Genetic analysis of endogenous xenotropic murine leukemia viruses: association with two common mouse mutations and the viral restriction locus Fv-1.

W N Frankel 1, J P Stoye 1, B A Taylor 1, J M Coffin 1
PMCID: PMC248440  PMID: 2564439

Abstract

We have defined 40 endogenous xenotropic virus (Xmv) loci from several common inbred strains of mice by examining provirus-cell DNA junction fragments in recombinant inbred mice. Some inbred strains carried unique proviruses, but most Xmv loci were present in several strains, indicating that many Xmv integration events preexisted modern inbreeding. It was also clear that most Xmv junction fragment variation between inbred strains resulted from independent integration events and not modification or restriction site polymorphism following integration. Chromosomal assignments were determined for 32 Xmv loci by comparing their recombinant inbred strain distribution patterns to those of known genetic markers. The Xmv loci were generally dispersed throughout the genome, but several chromosomal regions contained more than one provirus.
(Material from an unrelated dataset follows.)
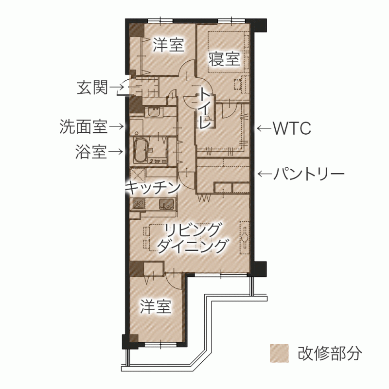 結婚して1年が経ち、賃貸から持ち家に住み替えたいと考えていました。マイホームを持つなら、仕事柄、手間がかからないマンションで、なるべく住み慣れたエリアの駅近という条件を最優先に、いろいろな不動産会社を見ている中で、モアリビングと同グループ会社であるRエイジ不動産を知りました。そこで物件探しからその後のリノベーションまで一貫して対応してくれるところや、定額パックで費用の目安がつきやすかったことが決め手でお願いすることに。 夫婦ともにスヌーピーが好きで、パントリーやトイレのアクセントクロスでスヌーピー柄を入れたり、ウォークスルークローゼットやパントリーなど十分な収納が確保できたこと、全体的な使い勝手など希望通りの仕上がりに、思い切って持ち家にして本当によかったと感じています。

Furthermore, several close genetic associations with cellular genes were discovered. Four Xmv loci were closely linked to Fv-1b, a dominant viral resistance gene present in C57BL/6J, BALB/cJ, A/J, and several other strains. Xmv-28 was closely linked to rd (retinal degeneration), and Xmv-10 was closely linked to a (non-agouti), both of which are old mutations as inferred from their broad distribution in mice. We suggest that Xmv integration contributed to genetic diversity in the past and that much of this diversity exists today in common laboratory strains.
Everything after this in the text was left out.